Pastor Leo Maday feiert seinen 100.

Voerde..  Am kommenden Sonntag, 26. April, kehrt ein ehemaliger katholischer Pfarrer an seine alte Wirkungsstätte zurück. Aber es ist nicht irgendein Pfarrer: Pastor Leo Maday feierte am 29. März seinen 100. Geburtstag. Und in der Voerder Sankt Paulus-Gemeinde hat er tiefe Spuren hinterlassen, denn dort war er 25 Jahre als Seelsorger tätig. Am 26. April ehrt ihn seine ehemalige Gemeinde mit einem Hochamt und einem Empfang im Paulushaus.

Leo Maday wurde 1915 in Brambauer bei Dortmund geboren. Als Soldat und Offizier erlebte und überlebte er den Zweiten Weltkrieg. Die Erlebnisse dieser Jahren zeichneten den jungen Mann und festigten ihn in seinem Glauben. 1951 wurde er in Sankt Gertrudis im Dortmunder Norden zum Priester geweiht. Zehn Jahre später über­nahm er das Amt des Seelsorgers an der Voerder Paulusgemeinde, das er erst ein Vierteljahrhundert später wieder abgab.

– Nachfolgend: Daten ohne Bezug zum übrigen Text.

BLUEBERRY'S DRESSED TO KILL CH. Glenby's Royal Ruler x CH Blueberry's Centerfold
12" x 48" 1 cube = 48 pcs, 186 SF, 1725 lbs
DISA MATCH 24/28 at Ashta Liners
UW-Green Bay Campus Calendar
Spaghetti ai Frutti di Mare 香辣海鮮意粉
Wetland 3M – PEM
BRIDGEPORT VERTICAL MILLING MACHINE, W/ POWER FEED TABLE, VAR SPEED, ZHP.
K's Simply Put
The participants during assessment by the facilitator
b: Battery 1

Meilensteine seiner Amtszeit

„Ich freue mich sehr auf ein Wiedersehen mit Leo Maday“, sagt sein Nachfolger im Amt, Pastor Heinz-Josef Möller, „denn wir Voerder haben ihm viel, sehr viel zu verdanken.“ In die Amtszeit des Jubilars fielen Meilensteine für die Sankt Paulus-Gemeinde, wie die Abnabelung von der Muttergemeinde St. Johannes in Eppinghoven, der Bau des Kindergartens, des Pfarrhauses, der Umbau und die Erweiterung der Kirche, der Bau des Paulushauses als Jugendheim, die Gründung des Kirchenchores und die Wahl des Pfarrgemeinderates, der damals noch Pfarrkomitee genannt wurde. Die Liste ließe sich fortsetzen.

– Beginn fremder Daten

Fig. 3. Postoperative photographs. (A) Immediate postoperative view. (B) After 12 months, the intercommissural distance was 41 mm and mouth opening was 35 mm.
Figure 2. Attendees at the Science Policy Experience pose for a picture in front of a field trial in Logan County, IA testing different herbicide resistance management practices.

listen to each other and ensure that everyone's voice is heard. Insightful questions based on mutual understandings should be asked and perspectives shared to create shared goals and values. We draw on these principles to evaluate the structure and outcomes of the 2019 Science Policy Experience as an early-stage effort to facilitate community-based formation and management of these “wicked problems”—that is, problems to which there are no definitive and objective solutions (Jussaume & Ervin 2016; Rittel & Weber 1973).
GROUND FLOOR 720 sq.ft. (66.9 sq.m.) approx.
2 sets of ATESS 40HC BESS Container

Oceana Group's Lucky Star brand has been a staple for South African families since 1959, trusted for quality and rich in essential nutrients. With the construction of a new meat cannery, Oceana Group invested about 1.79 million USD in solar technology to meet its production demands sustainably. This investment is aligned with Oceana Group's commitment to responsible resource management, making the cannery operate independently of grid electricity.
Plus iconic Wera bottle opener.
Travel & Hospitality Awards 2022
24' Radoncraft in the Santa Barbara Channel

„Leo Maday kann sehr stolz sein auf das, was er hier an Bahnhofstraße und Akazienweg geleistet hat“, so Möller. „Unsere Gemeinde ist heute immer noch ein lebendiges Denkmal für das Wirken Madays. Wir werden ihm einen würdigen Empfang bereiten.“

Leo Maday galt als sehr strenger, konsequenter katholischer Kirchenmann. Er ging seinen Weg, und den immer geradeaus. Doch gibt es auch Gemeindemitglieder, die von einem ganz anderen Leo Maday erzählen können, einem warmherzigen Mann, der kein großes Aufheben machte von den eigenen Wohltaten.

Und auch wenn der 100-Jährige nun schon seit vielen Jahren in Kevelaer lebt, so ist er doch aus seiner Voerder Sankt Paulus-Gemeinde nie so ganz fortgezogen.